TASK:
Leaving out pictures, output exactly the lines below from the one that has "Lintarmbandje 'Keep Going'" through the one that has "Ana je pozirala", and nothing else.

AVAILABLE DATA:
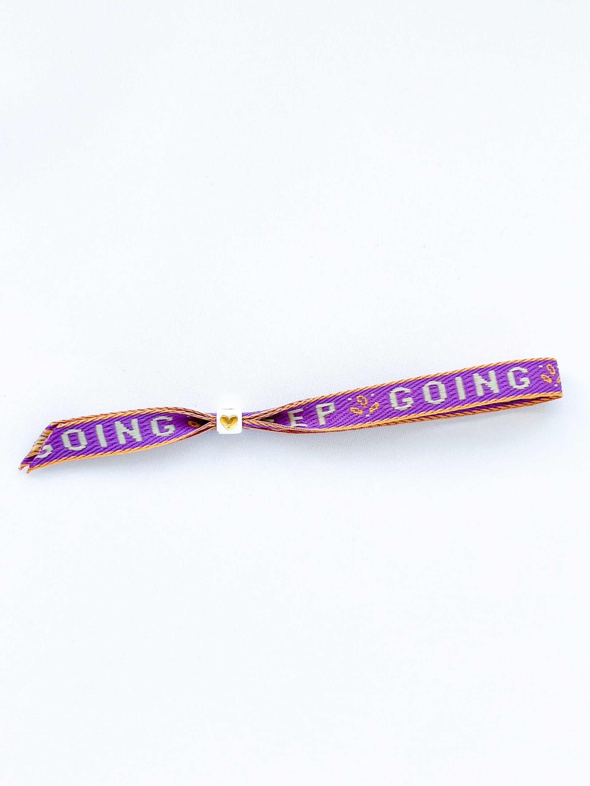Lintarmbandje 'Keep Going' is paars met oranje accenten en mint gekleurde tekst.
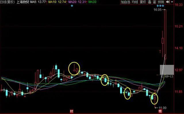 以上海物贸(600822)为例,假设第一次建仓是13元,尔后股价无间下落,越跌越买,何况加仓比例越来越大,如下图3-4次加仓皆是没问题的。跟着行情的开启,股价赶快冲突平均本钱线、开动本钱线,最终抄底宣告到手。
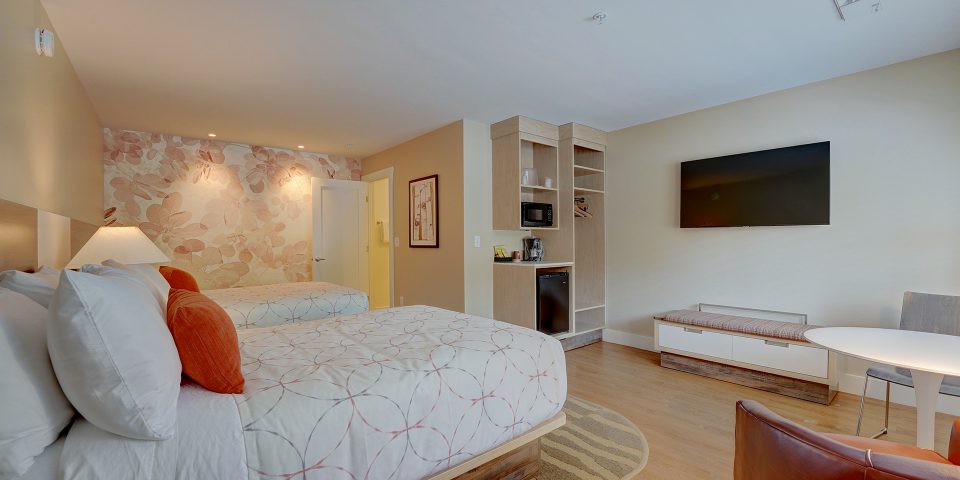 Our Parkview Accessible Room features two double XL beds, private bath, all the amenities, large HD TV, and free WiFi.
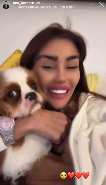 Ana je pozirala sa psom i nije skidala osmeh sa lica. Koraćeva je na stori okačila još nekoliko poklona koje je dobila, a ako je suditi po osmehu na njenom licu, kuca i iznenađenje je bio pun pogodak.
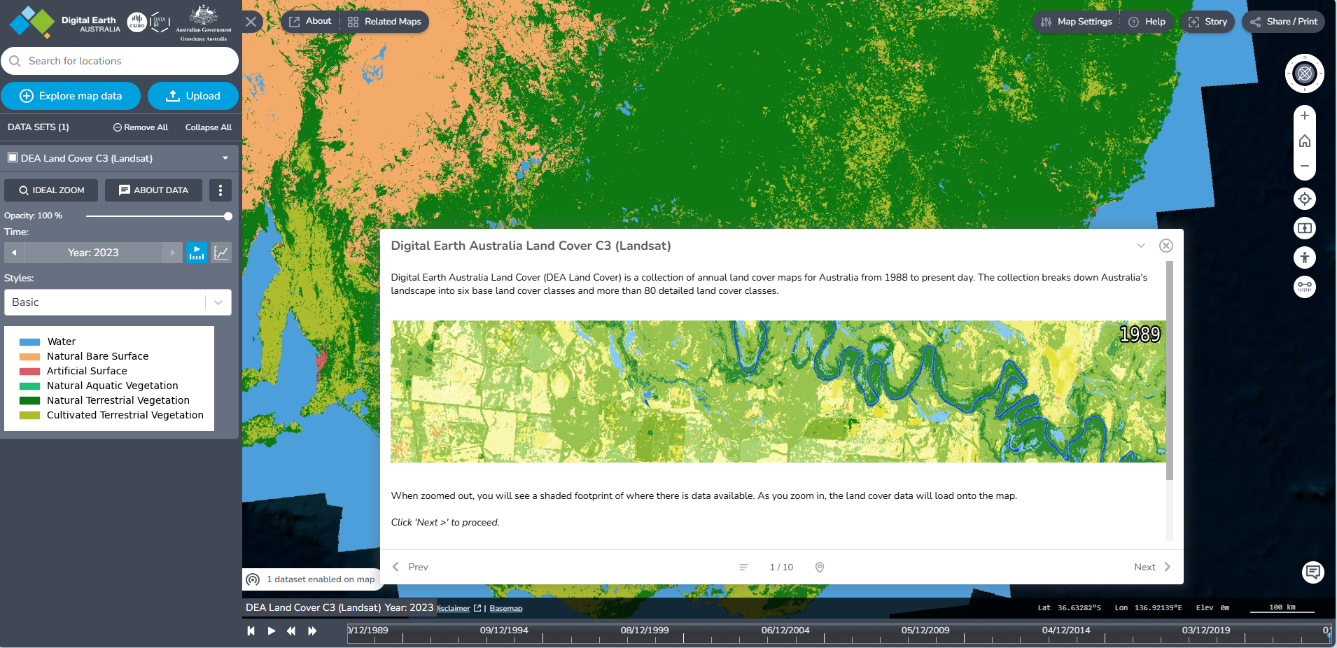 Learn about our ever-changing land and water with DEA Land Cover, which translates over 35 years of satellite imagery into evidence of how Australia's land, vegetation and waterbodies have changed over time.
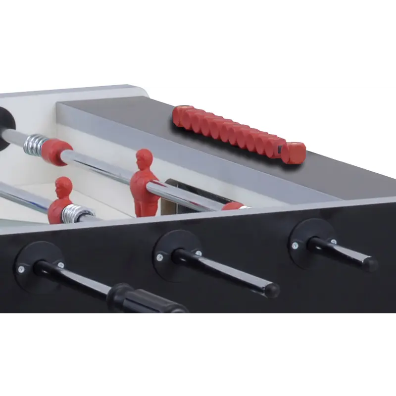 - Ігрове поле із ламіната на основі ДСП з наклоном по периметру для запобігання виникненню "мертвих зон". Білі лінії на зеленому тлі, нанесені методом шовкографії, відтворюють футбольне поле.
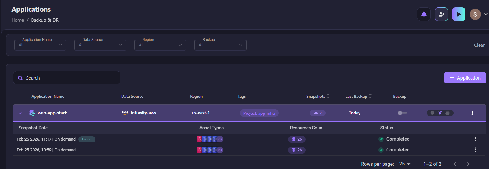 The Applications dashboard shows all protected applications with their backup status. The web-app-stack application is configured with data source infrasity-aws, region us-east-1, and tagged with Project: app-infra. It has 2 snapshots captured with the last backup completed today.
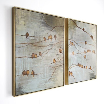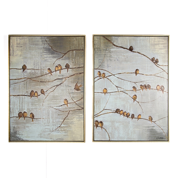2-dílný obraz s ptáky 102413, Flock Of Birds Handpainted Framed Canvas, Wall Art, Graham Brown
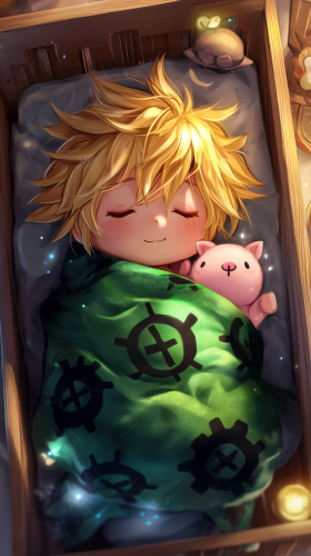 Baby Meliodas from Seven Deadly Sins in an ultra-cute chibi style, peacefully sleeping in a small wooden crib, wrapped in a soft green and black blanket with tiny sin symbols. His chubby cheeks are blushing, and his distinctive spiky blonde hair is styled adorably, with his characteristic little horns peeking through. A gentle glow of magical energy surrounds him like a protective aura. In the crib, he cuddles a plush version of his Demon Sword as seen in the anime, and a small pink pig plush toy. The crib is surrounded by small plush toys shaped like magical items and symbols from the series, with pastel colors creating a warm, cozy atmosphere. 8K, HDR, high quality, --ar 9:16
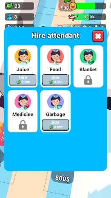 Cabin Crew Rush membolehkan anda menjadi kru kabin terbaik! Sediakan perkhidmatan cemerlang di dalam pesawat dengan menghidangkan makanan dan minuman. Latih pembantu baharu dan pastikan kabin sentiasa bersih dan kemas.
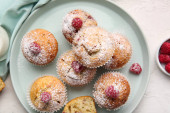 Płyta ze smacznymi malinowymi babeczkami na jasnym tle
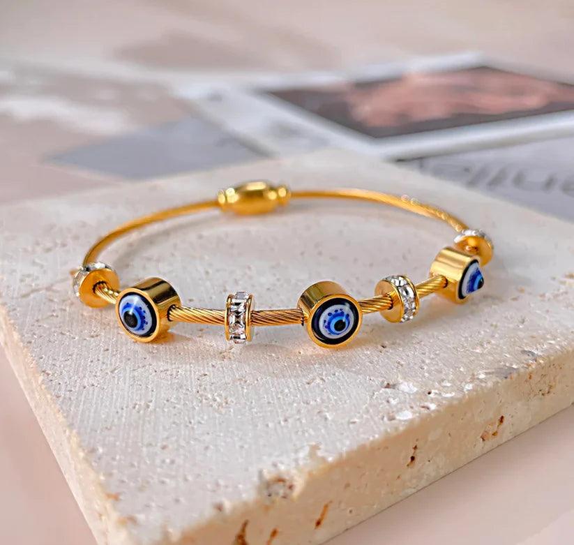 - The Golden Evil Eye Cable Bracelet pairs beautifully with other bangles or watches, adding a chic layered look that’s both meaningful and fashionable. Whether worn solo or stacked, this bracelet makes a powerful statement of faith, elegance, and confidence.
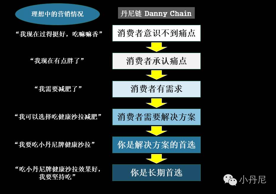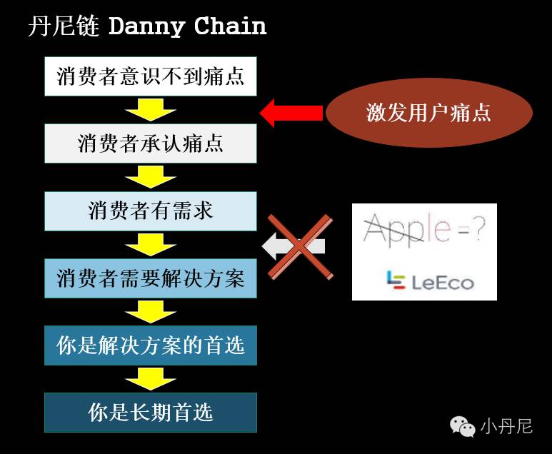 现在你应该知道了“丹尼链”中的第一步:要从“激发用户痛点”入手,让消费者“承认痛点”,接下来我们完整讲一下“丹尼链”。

--

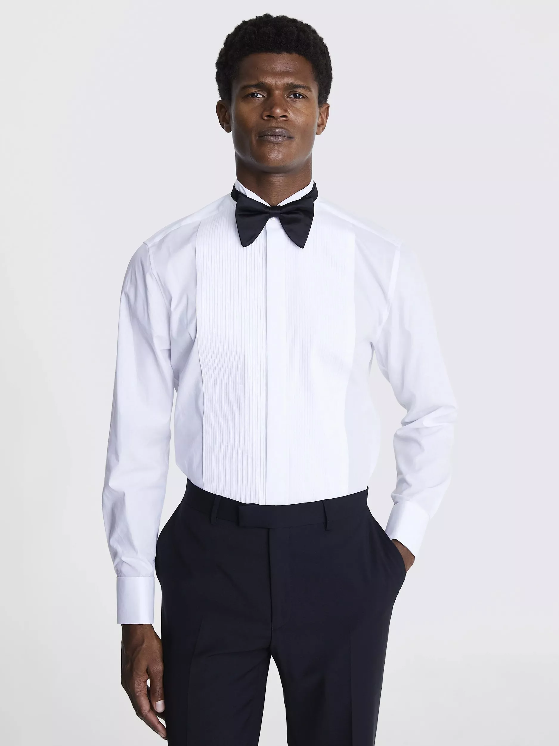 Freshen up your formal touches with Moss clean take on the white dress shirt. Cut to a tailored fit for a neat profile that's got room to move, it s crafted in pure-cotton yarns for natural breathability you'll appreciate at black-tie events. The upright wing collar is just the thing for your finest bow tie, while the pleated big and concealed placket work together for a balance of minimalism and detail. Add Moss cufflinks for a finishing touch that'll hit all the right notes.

---

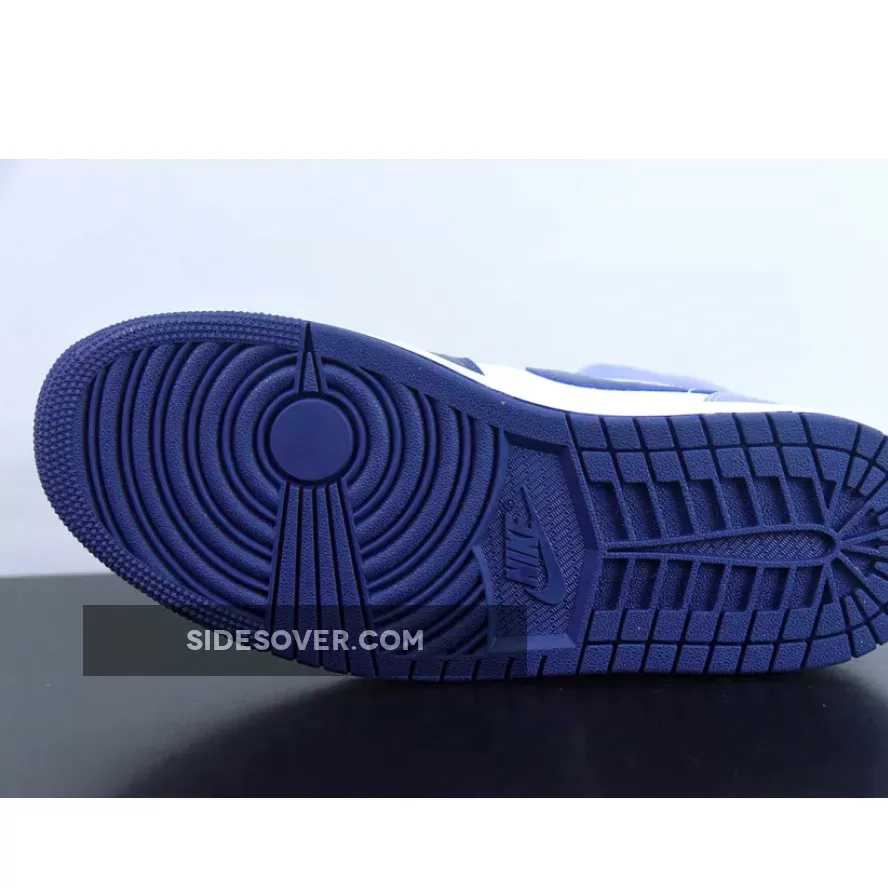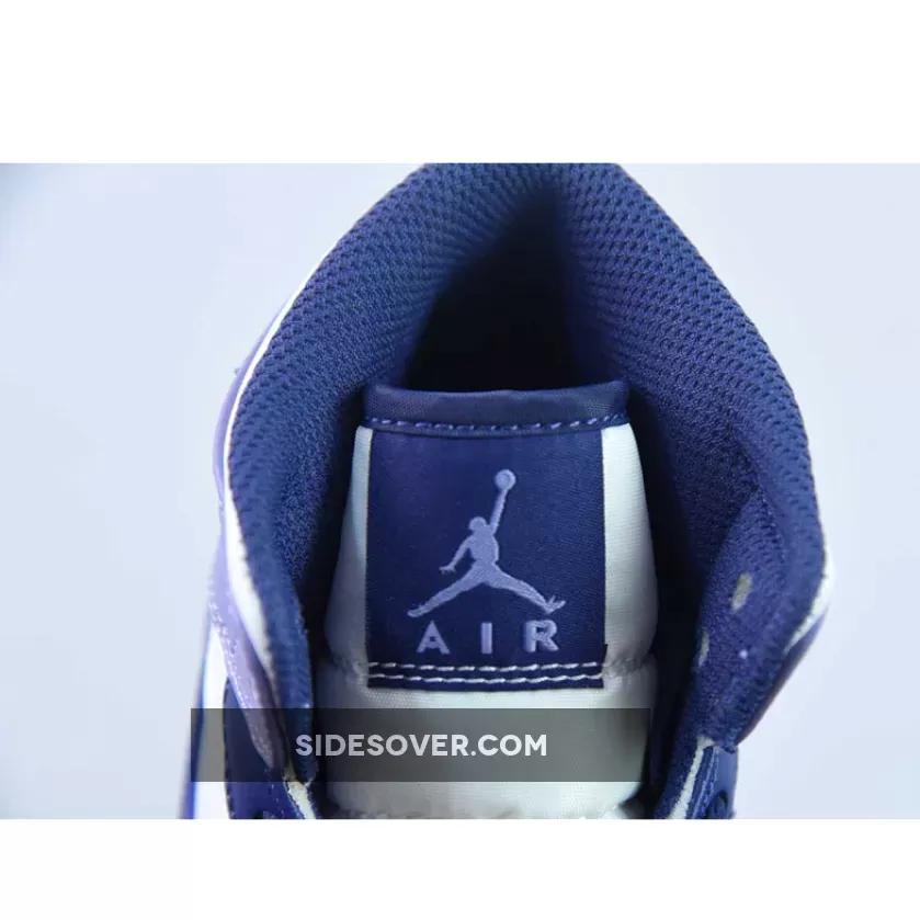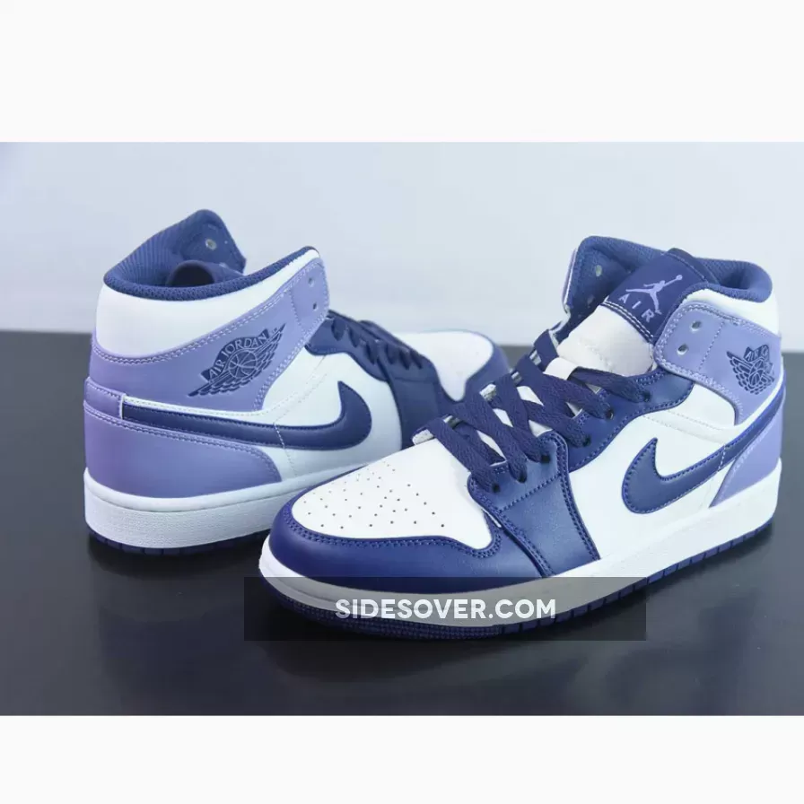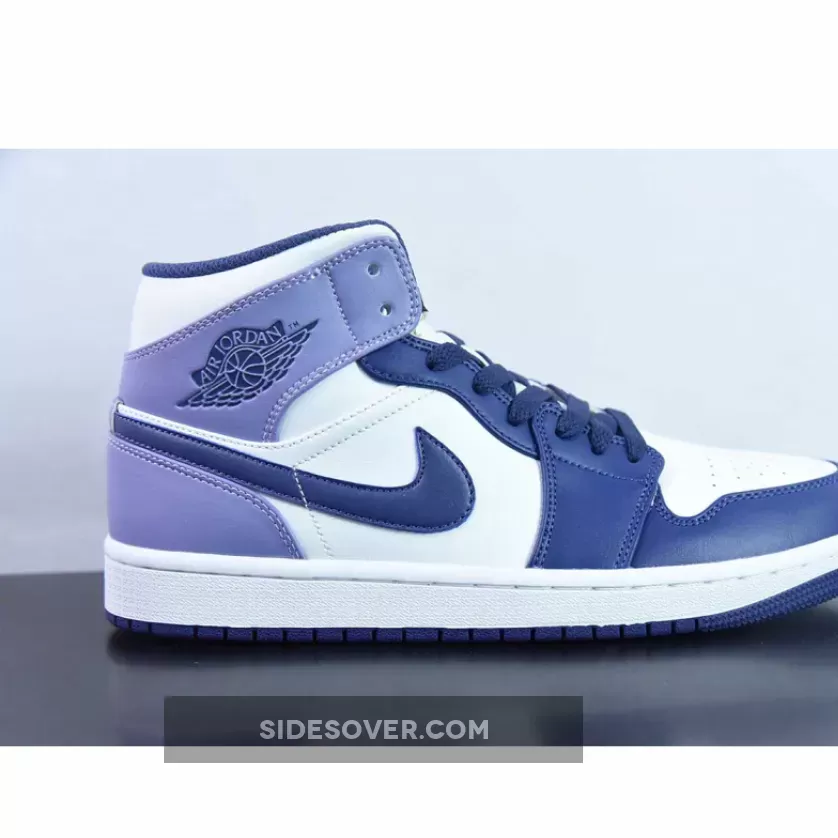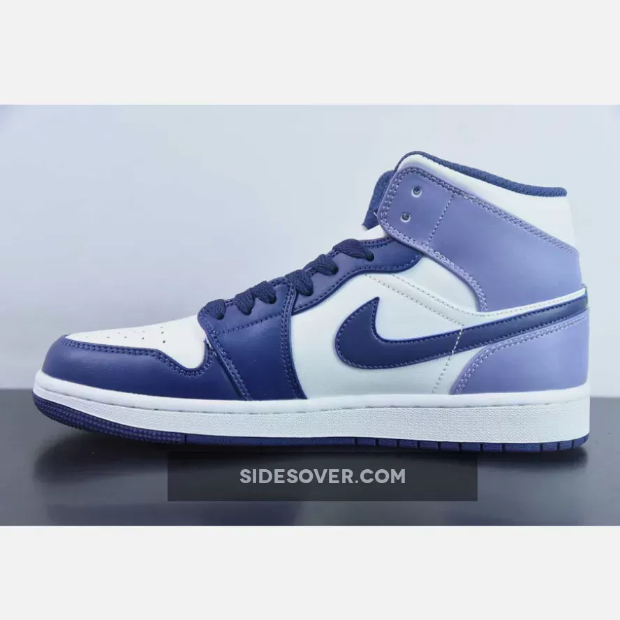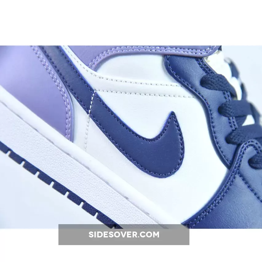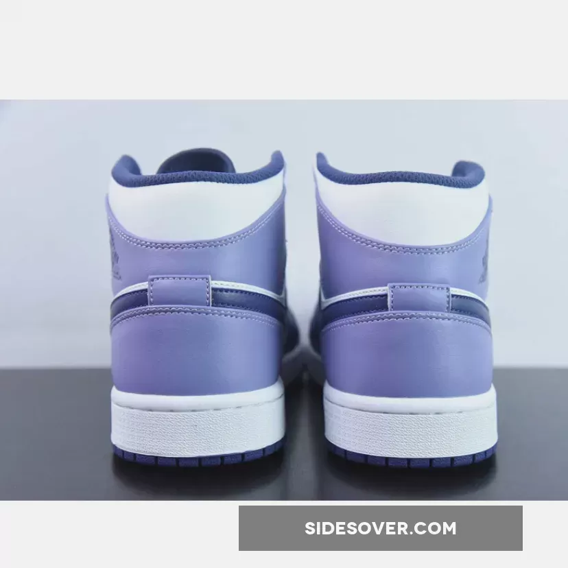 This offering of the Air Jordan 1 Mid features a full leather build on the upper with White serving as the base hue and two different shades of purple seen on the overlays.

WRITTEN RESPONSE:
Lintarmbandje 'Keep Going' is paars met oranje accenten en mint gekleurde tekst.
 以上海物贸(600822)为例,假设第一次建仓是13元,尔后股价无间下落,越跌越买,何况加仓比例越来越大,如下图3-4次加仓皆是没问题的。跟着行情的开启,股价赶快冲突平均本钱线、开动本钱线,最终抄底宣告到手。
 Our Parkview Accessible Room features two double XL beds, private bath, all the amenities, large HD TV, and free WiFi.
 Ana je pozirala sa psom i nije skidala osmeh sa lica. Koraćeva je na stori okačila još nekoliko poklona koje je dobila, a ako je suditi po osmehu na njenom licu, kuca i iznenađenje je bio pun pogodak.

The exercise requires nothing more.